Purpose: To determine the clinical significance of molecular response and relapse among patients with chronic myelogenous leukemia (CML) treated with imatinib. Experimental Design: We analyzed the results of quantitative PCR in 280 patients with CML in chronic phase who achieved complete cytogenetic remission with imatinib (117 after IFN-α failure and 163 previously untreated). Median follow-up was 31 months (range, 3-52 months).

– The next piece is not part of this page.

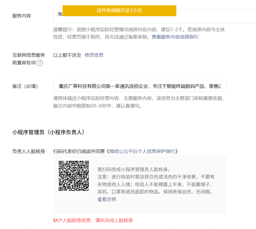 你好,请私信提供完整界面报错截图(主体负责人页面)负责人证件和营业执照、小程序APPID以便核实。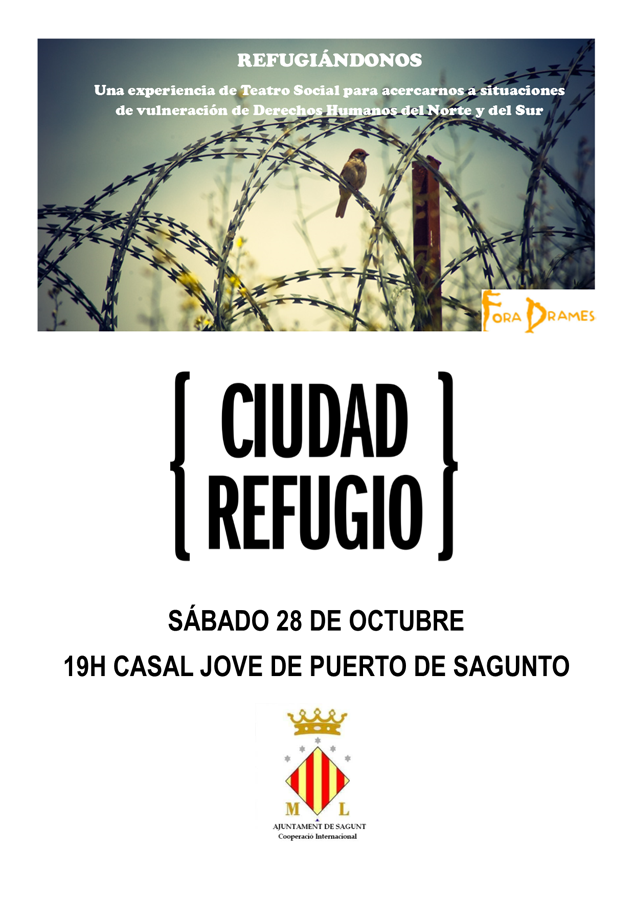 El próximo sábado, 28 de octubre, a partir de las 19h, tendrá lugar la obra de teatro Refugiándonos en el Casal Jove de Puerto de Sagunto. El montaje forma parte de las jornadas Ciudad Refugio, que está organizando durante el mes de octubre la concejalía de Cooperación Internacional, para denunciar la situación extrema de los refugiados.

Results: Median BCR-ABL/ABL ratio before the start of therapy was 39.44 (range, 0.252-170.53). A major molecular response (BCR-ABL/ABL ratio <0.05%) was achieved in 174 (62%), and transcripts became undetectable (complete molecular response) in 95 (34%). By multivariate analysis, only treatment with high-dose imatinib (P = 0.02) was associated with achievement of a major molecular response. Nine of 166 (5%) patients who achieved a major molecular response lost their cytogenetic remission, compared with 25 of 68 (37%) among those who did not achieve this response (P < 0.0001). Patients achieving a major molecular response 12 months after the start of therapy had significantly better complete cytogenetic remission duration than others. A >1-log reduction in transcript levels after 3 months of therapy predicted for an improved probability of achieving a major molecular response at 24 months. Increasing levels of BCR-ABL transcripts predicted for a loss of cytogenetic remission only among patients who did not achieve a major molecular response. Conclusions: Achieving a major molecular response, particularly within the first year of therapy, is predictive of a durable cytogenetic remission and may be the future goal of therapy in CML.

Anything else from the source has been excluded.